● **What is being asked**:
When the data below is printed, every line must match exactly and the images must be absent.

● **Data**:
++++

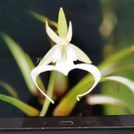 总状花序长约1厘米,具2-3 (-5) 朵花;花苞片卵状披针形,长7-9毫米,先端渐尖;花梗和子房长2.8-5厘米,具5条肋;花白色,芳香;中萼片近倒卵形,长8-10毫米,宽2.5-4毫米,先端钝,具3条脉;侧萼片向前叉开,与中萼片相似而等大,上半部向外弯,背面中肋近先端处龙骨状隆起;
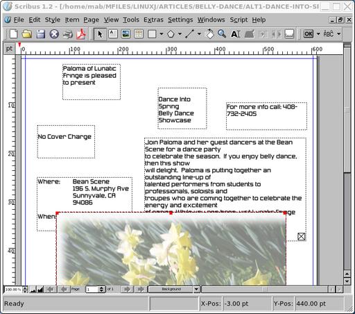 To create a new poster for a Spring-themed belly dance event, we held a photo shoot and then edited the studio photos with gthumb and The GIMP. These resulting images were combined with other text and photo elements to create the poster. The poster itself was done on Linux using a desktop publishing (DTP) application called Scribus. Refer to Clay Dowling's article “Linux as a Publishing Platform” on the Linux Journal Web site for more details on using Scribus and The GIMP to publish on Linux. Although we describe only some of the big steps we used with The GIMP and Scribus, we were surprised at how easy it was to use this powerful application to position graphic elements precisely and ultimately obtain a professional result.
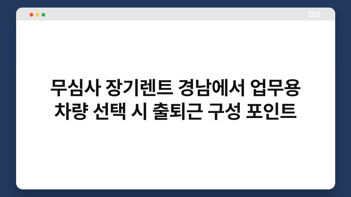 업무용 차량을 선택할 때, 특히 경남 지역에서 무심사 장기렌트를 고려하는 분들이 많습니다. 출퇴근을 위한 차량은 단순한 이동 수단이 아니라, 업무의 효율성을 높이는 중요한 요소입니다. 어떤 차량이 적합할지 고민하는 여러분을 위해, 출퇴근 구성 포인트와 함께 황제오토플랜의 다양한 장기렌트 옵션을 소개해 드리겠습니다. 이 글을 통해 최적의 차량 선택에 도움이 되길 바랍니다.
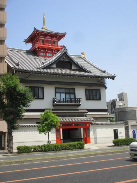 谷町筋に面していて四天王寺の近くにあるお寺です。寺門と屋根の上に付いている塔だけが朱色で、何ともユニークなお寺です。この朱色は、道路を隔てた反対側から見ないと見えません。あべのハルカスからの100円バスのおかげで、アクセスもよくなりました。

++++

● **Written reply**:
 总状花序长约1厘米,具2-3 (-5) 朵花;花苞片卵状披针形,长7-9毫米,先端渐尖;花梗和子房长2.8-5厘米,具5条肋;花白色,芳香;中萼片近倒卵形,长8-10毫米,宽2.5-4毫米,先端钝,具3条脉;侧萼片向前叉开,与中萼片相似而等大,上半部向外弯,背面中肋近先端处龙骨状隆起;
 To create a new poster for a Spring-themed belly dance event, we held a photo shoot and then edited the studio photos with gthumb and The GIMP. These resulting images were combined with other text and photo elements to create the poster. The poster itself was done on Linux using a desktop publishing (DTP) application called Scribus. Refer to Clay Dowling's article “Linux as a Publishing Platform” on the Linux Journal Web site for more details on using Scribus and The GIMP to publish on Linux. Although we describe only some of the big steps we used with The GIMP and Scribus, we were surprised at how easy it was to use this powerful application to position graphic elements precisely and ultimately obtain a professional result.
 업무용 차량을 선택할 때, 특히 경남 지역에서 무심사 장기렌트를 고려하는 분들이 많습니다. 출퇴근을 위한 차량은 단순한 이동 수단이 아니라, 업무의 효율성을 높이는 중요한 요소입니다. 어떤 차량이 적합할지 고민하는 여러분을 위해, 출퇴근 구성 포인트와 함께 황제오토플랜의 다양한 장기렌트 옵션을 소개해 드리겠습니다. 이 글을 통해 최적의 차량 선택에 도움이 되길 바랍니다.
 谷町筋に面していて四天王寺の近くにあるお寺です。寺門と屋根の上に付いている塔だけが朱色で、何ともユニークなお寺です。この朱色は、道路を隔てた反対側から見ないと見えません。あべのハルカスからの100円バスのおかげで、アクセスもよくなりました。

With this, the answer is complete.